La révolution électrique est en marche

 

Chez BMW, le “i” désigne maintenant les automobiles de la gamme “plug-in electric”, à savoir des véhicules électriques ou hybrides qui peuvent donc être rechargés par branchement électrique. Après l’incroyable i8, voici la sympathique i3.

Si la i8 est une sportive exclusive de nouvelle génération servant de vitrine à la nouvelle branche “i”, la i3 se positionne comme celle qui devrait démocratiser cette nouvelle gamme en s’adressant à un plus grand nombre. Il s’agit d’une citadine de 4 mètres de long que le design et les solutions retenues apparentent plus à un concept car qu’à une voiture de série “classique”. En cela, la i3 est bien la petite sœur de la i8. Pourtant la i3 est définitivement plus accessible. Son but est de devenir une voiture de tous les jours reposant sur une conception ultra-moderne et des technologies de pointe.

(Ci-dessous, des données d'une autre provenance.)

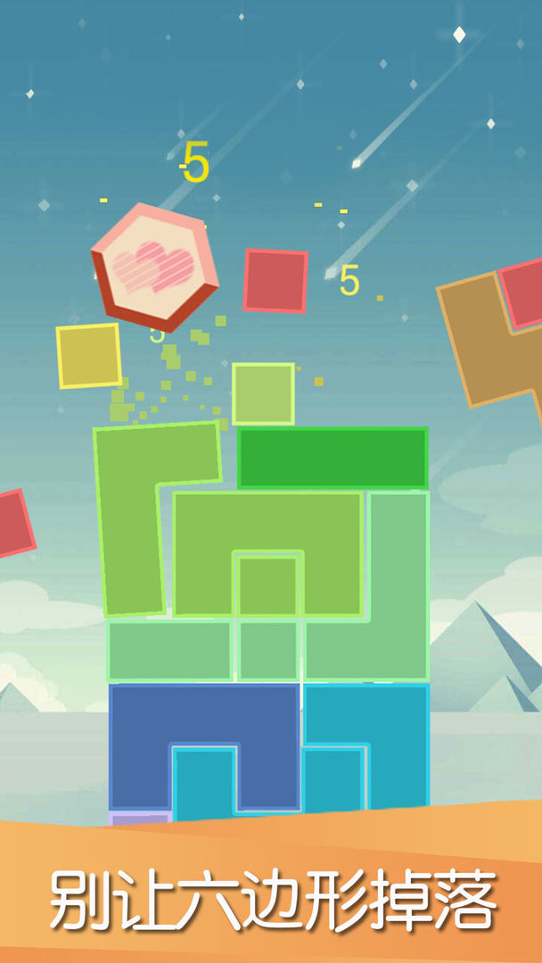 平衡下落游戏免费是一款益智休闲闯关游戏。我们的目标是不要让六边形掉落出屏幕,并且不能让积木搭建的高楼给瞬间崩塌。通过点击屏幕来消除积木让六边形平稳下落,每一次的成功平稳下落都能获得分数,虽然游戏的规则比较简单,但是想要获取高分却不简单,可玩性非常强,喜欢的话就赶紧下载吧!

La surprise commence au premier coup d’œil avec un style des plus original. Si son gabarit et sa forme font penser à un petit monospace urbain, elle profite de nombreux détails esthétiques uniques qui lui confèrent une personnalité sans équivalent dans la production actuelle.

Premier détail, la signature des “i” à savoir la “black belt” qui s’étend du capot jusqu’au hayon est reprise par la i3. L’autre caractéristique typique des “i” est l’adoption de roues aussi grandes qu’étroites. Des dimensions inhabituelles qui ont pour but de limiter la résistance au roulement et donc de réduire au maximum l’énergie nécessaire au déplacement.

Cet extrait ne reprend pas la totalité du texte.